- ABOUT THIS TASK
In the entries below, begin at the line that has "24th June 1915.", stop after the line that has "一只小蓝鲸在悬浮汇聚的水之元", and output those lines exactly with no pictures.
** EXERCISE DATA follows **
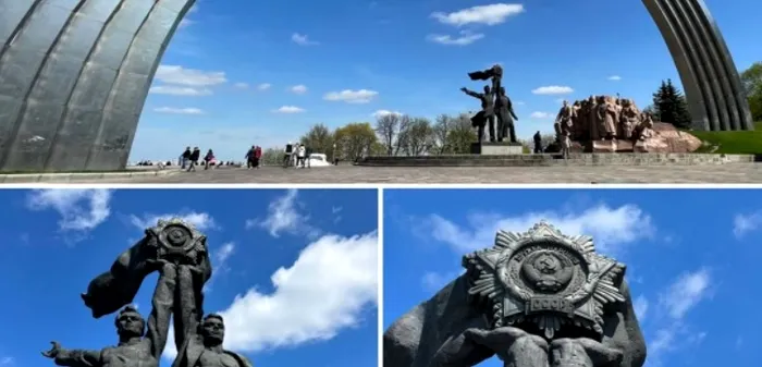 Arcul de titan în formă de curcubeu, care se întinde deasupra monumentului, va rămâne, dar va fi redenumit și va fi colorat în culorile drapelului ucrainean. A fost un cadou de la Rusia. Construit la începutul anilor 1980, este menit să simbolizeze prietenia dintre Rusia și Ucraina. Evident, nu există nicio prietenie acum.
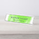 Ein auffälliges und trendiges Design in kräftigen Farben. Stilvolle Namensschild für Ihren Schreibtisch mit minimalistischem Typografie-Design. Fügen Sie Ihren Namen und Job-Titel in eleganten marineblauen Schriftart gegen einen Apfelgrauen Aquarell hinzu.
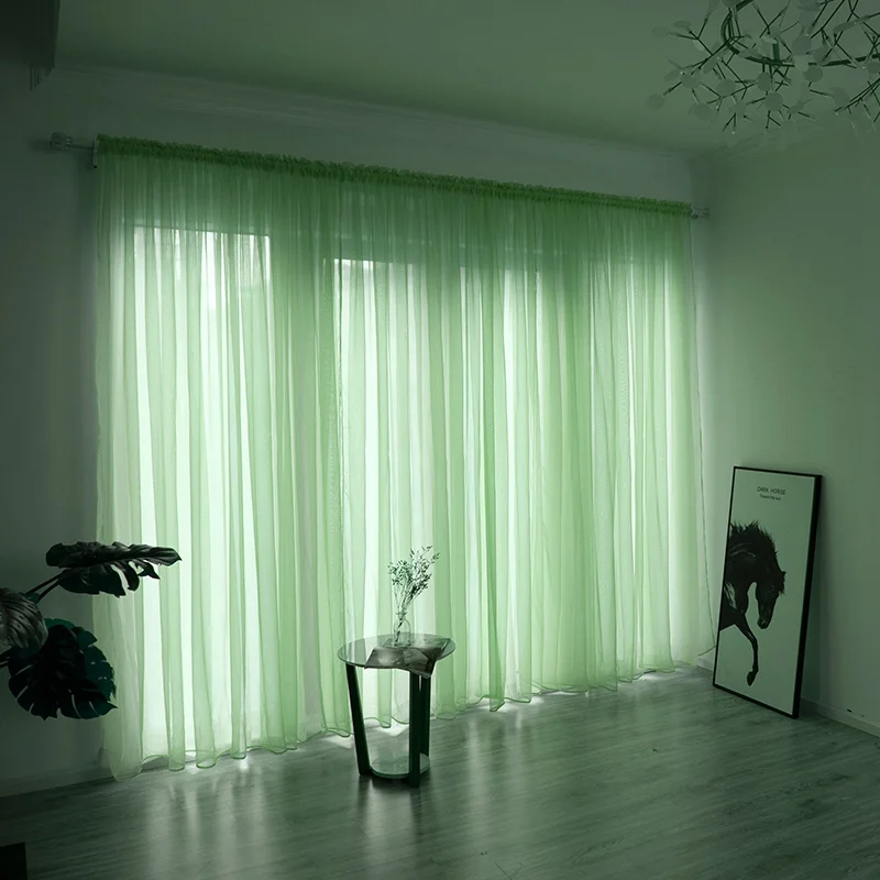 Cortinas transparentes de tule para sala de estar, cortina transparente para janela, haste de bolso, painel de quarto, decoração de tecido
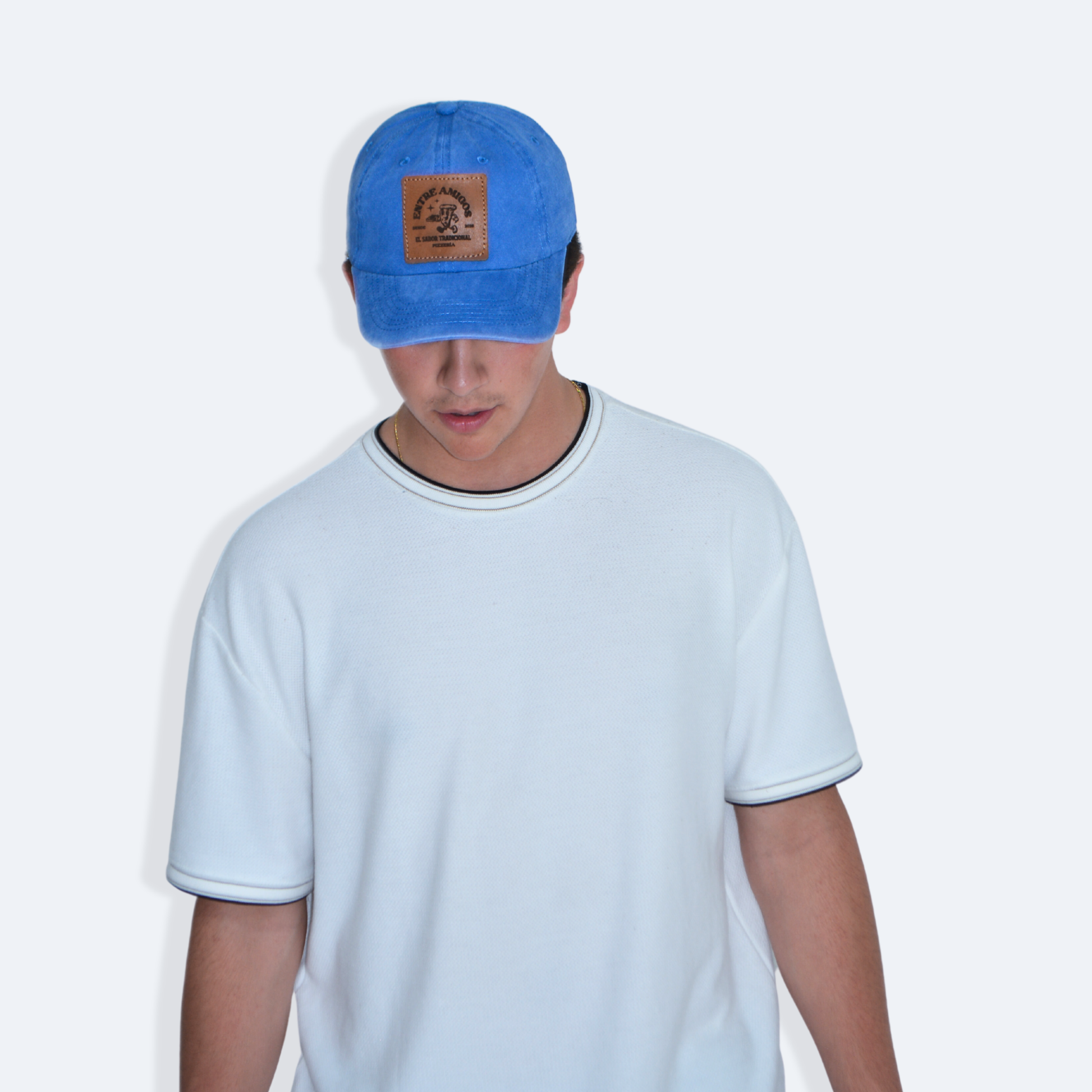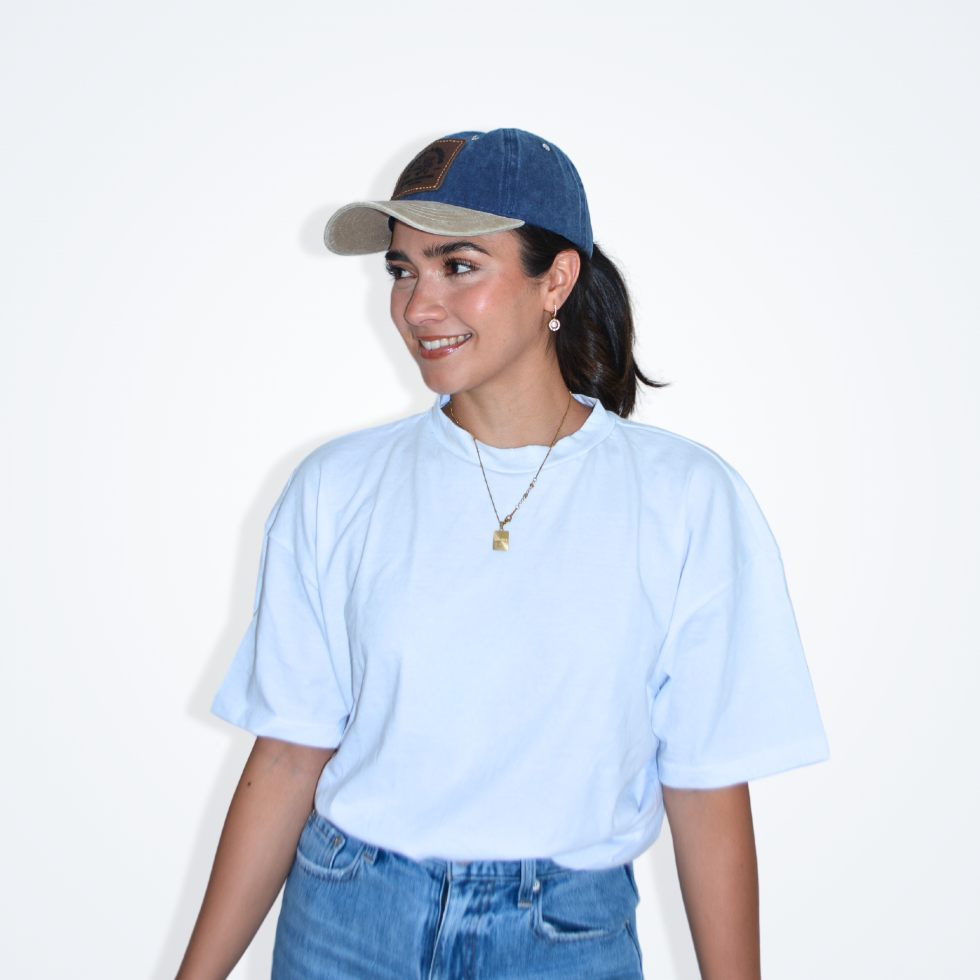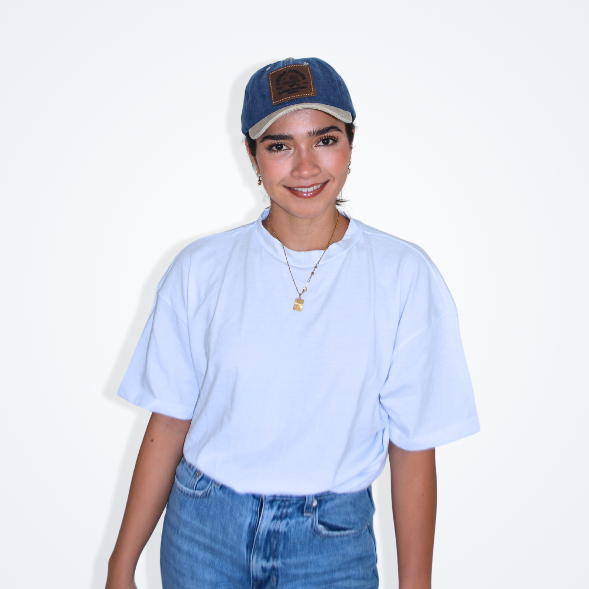Gorra de algodon con parche de piel con cinta de velcro ajustable.
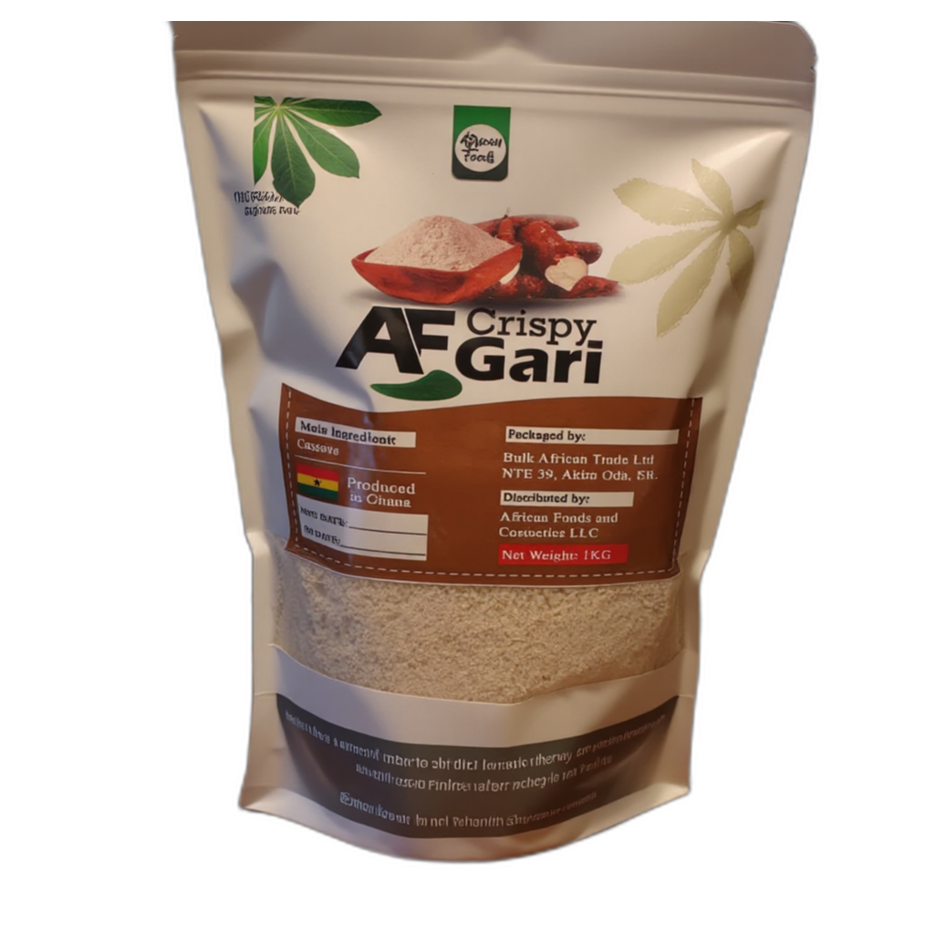Гарри – это сброженная, обжаренная и измельченная мука из корня кассы (маниоки), популярная в Нигерии, Гане и других частях Западной Африки. Но AF Crispy Gari — это не просто гари. Это хрустящая версия с еще более ярким вкусом и приятной текстурой, которая делает его любимым как для классических блюд, так и для современных экспериментов.
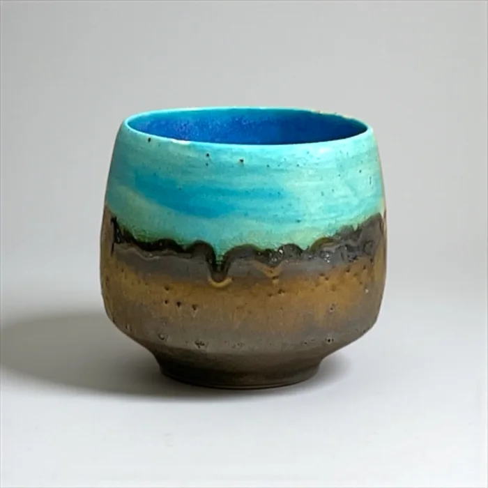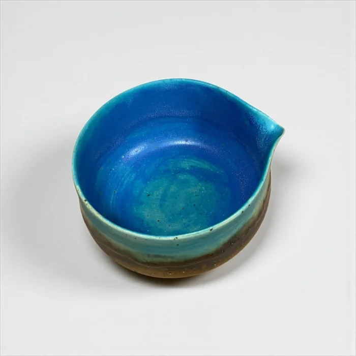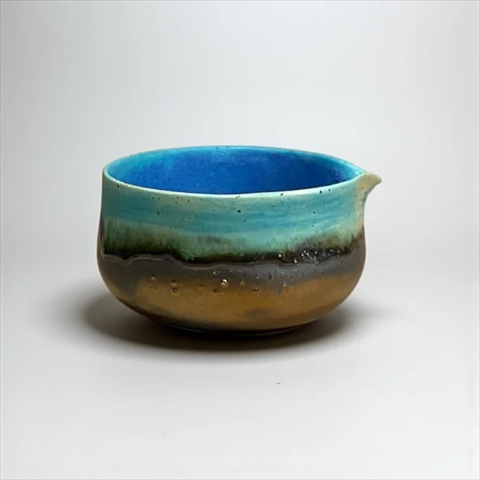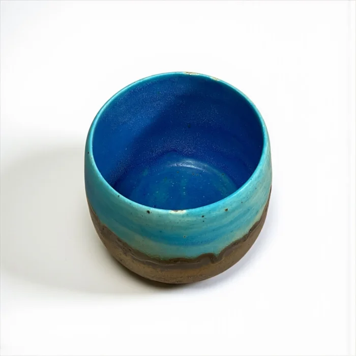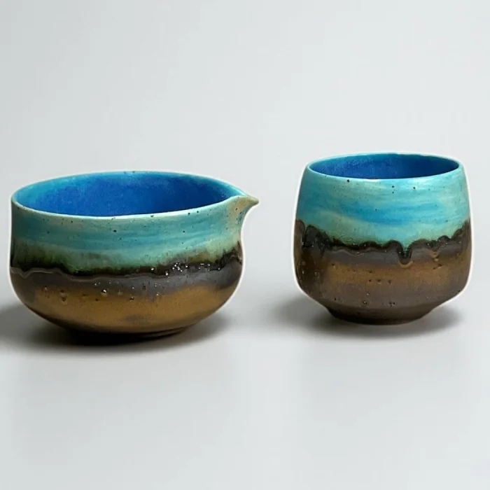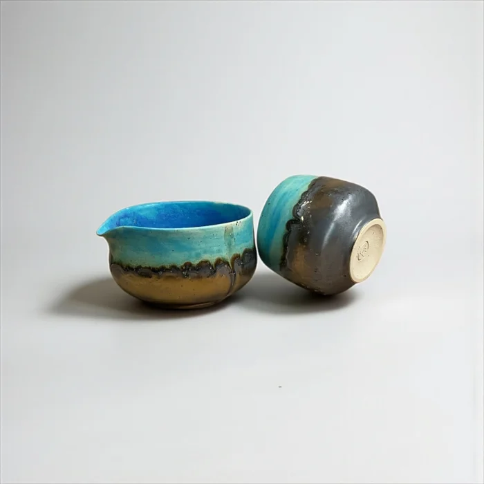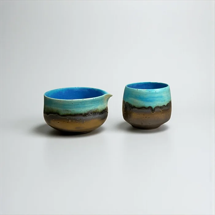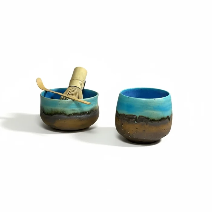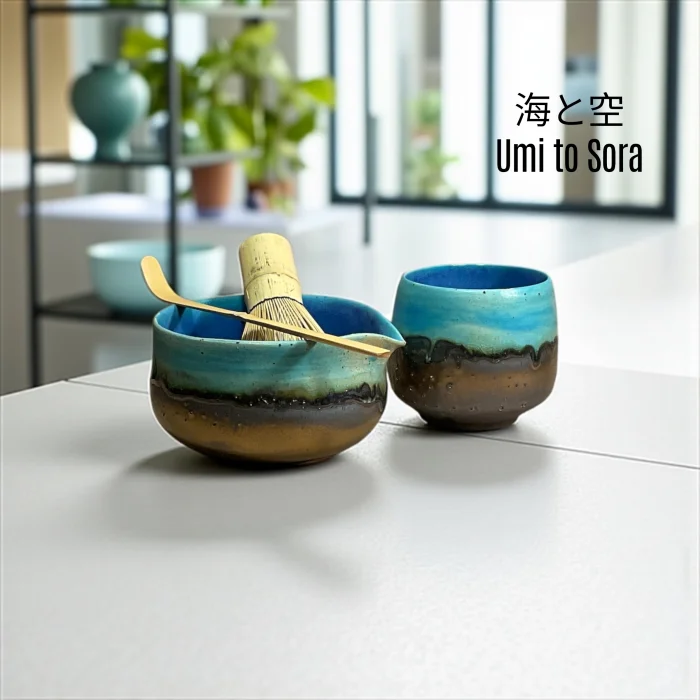 Inspired by the horizon where the sky and the sea meet, the Umi to Sora set attracts attention with its natural transitions where blue tones combine with brown. Umi to Sora in Japanese means "Sea and Sky". Each piece is hand-shaped, finished with special glazes. Only 1 set of this duo was produced. Set Contents: Matcha bowl (Chawan) Tea glass (Yunomi) Note: Bamboo whisk (Chasen) and bamboo spoon (Chashaku) are not included in the set. You can also add it to your cart if you want. Bowl : Mouth width 11 cm / Depth 6 cm / Height 7 cm / Volume 400 ml Glass : Mouth width 7.5 cm / Depth 7.5 cm / Height 8 cm / Volume 300 ml
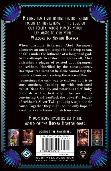 A nightmarish power unleashed from the depths infiltrates Arkham in this nautical-horror pulp adventure from the acclaimed Arkham Horror game world. When dissolute fisherman Abel Davenport discovers an ancient temple in the deep ocean, he under the influence of a long dead god. In his attempts to restore the god's cult, Abel unleashes a plague of twisted doppelgangers on Arkham. Horrified by the consequences, Davenport realizes that he alone cannot stop the monsters from resurrecting the Ancient One. Sometimes the only way to end one cult is to start another... Teaming up with redeemed cultist Diana Stanley and notorious thief Ruby Standish is the first step. The second is convincing Carl Sanford, the powerful leader of Arkham's Silver Twilight Lodge, to join their cause. Together they might be the only hope of averting a cataclysmic eldritch invasion.
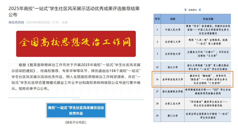 近日,由教育部思想政治工作司主办、全国高校思政网承办的2025年全国高校示范“一站式”学生社区风采展示活动评选结果正式公布。金职大《激活社区“微细胞”,培育时代“新医者”——医路仁家学生参与社区治理的“三色密码”》入选该展示活动的“学生参与”类优秀作品。
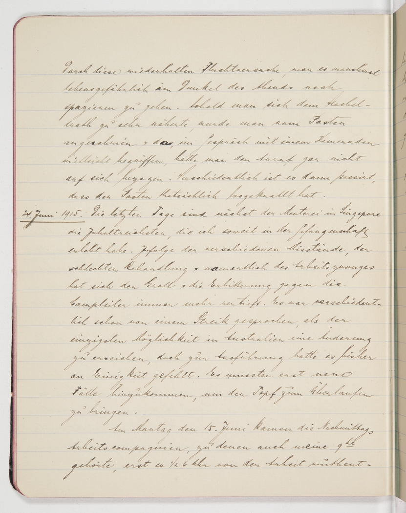 24th June 1915. The last few days were, apart from the rebellion in Singapore, the most eventful so far in my internment. As a result of the deplorable conditions, the bad treatment and, in particular, the forced labour, anger and bitterness towards the camp’s management had been steadily growing. There had been several discussions about a strike as the only possibility in Australia to force about a change, but so far a lack of agreement had prevented action. There had to be some more incidents for the last straw.
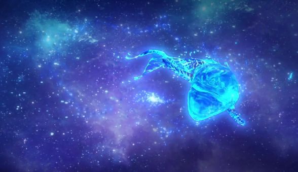 一只小蓝鲸在悬浮汇聚的水之元素中摆动着扇形的尾巴,如鲲鹏浮游天地,脱离了重力的束缚,朝着冰路飞去。
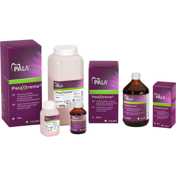 PalaXtreme® ist ein kaltpolymerisierender High-Impact Prothesenkunststoff, der Laboren eine große Flexibilität ermöglicht. Er ist genauso einfach in der Handhabung wie konventionelle Kaltpolymerisate. Das gilt sowohl für die Gieß - als auch die Injektionstechnik. Für Zahntechniker als auch Patienten ist dieses Material allergiefreundlicher – der Kunststoff ist somit stark und sanft zugleich. Packung 1 kg Pulver pink live
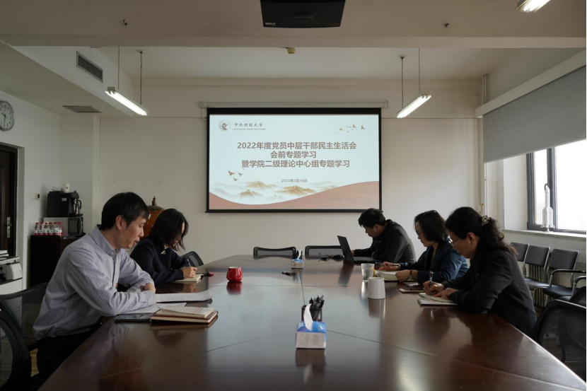 2023年2月16日,kaiyun登录中国入口登录党委在1407会议室召开2022年度党员中层干部民主生活会会前专题学习暨理论中心组专题学习。会议由学院党委书记于鹏主持,院长姜玲、副院长李宇环、组织员张小燕参加学习。
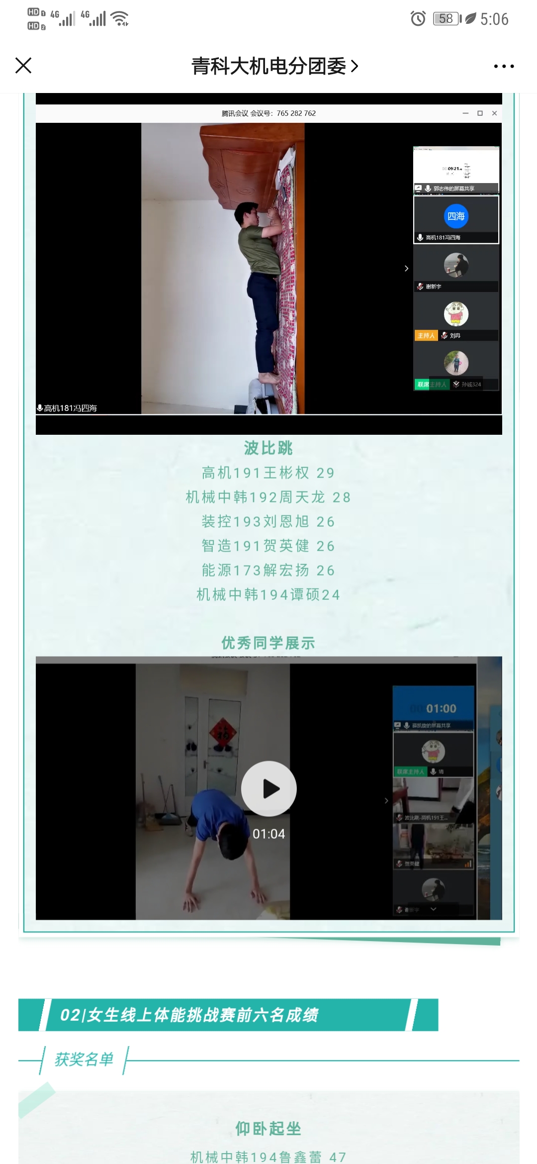 为了响应山东省教育厅和学校关于“线上教育要重视学生心理健康”的工作要求,帮助学生缓解焦虑情绪,活跃学生居家锻炼氛围,太阳成tyc7111cc举办了“莘莘学子共庆七十华诞,矫健英姿同战疫疠瘟情”线上体能挑战赛。比赛分男子组和女子组,男子组项目有一分钟俯卧撑、一分钟波比跳、平板支撑;女子组项目有一分钟仰卧起坐、一分钟开合跳、平板支撑,活动中,选手们在家运动,线上比赛,不断强健学子体魄。
** End of EXERCISE DATA **
- PROBLEM SOLUTION
 24th June 1915. The last few days were, apart from the rebellion in Singapore, the most eventful so far in my internment. As a result of the deplorable conditions, the bad treatment and, in particular, the forced labour, anger and bitterness towards the camp’s management had been steadily growing. There had been several discussions about a strike as the only possibility in Australia to force about a change, but so far a lack of agreement had prevented action. There had to be some more incidents for the last straw.
 一只小蓝鲸在悬浮汇聚的水之元素中摆动着扇形的尾巴,如鲲鹏浮游天地,脱离了重力的束缚,朝着冰路飞去。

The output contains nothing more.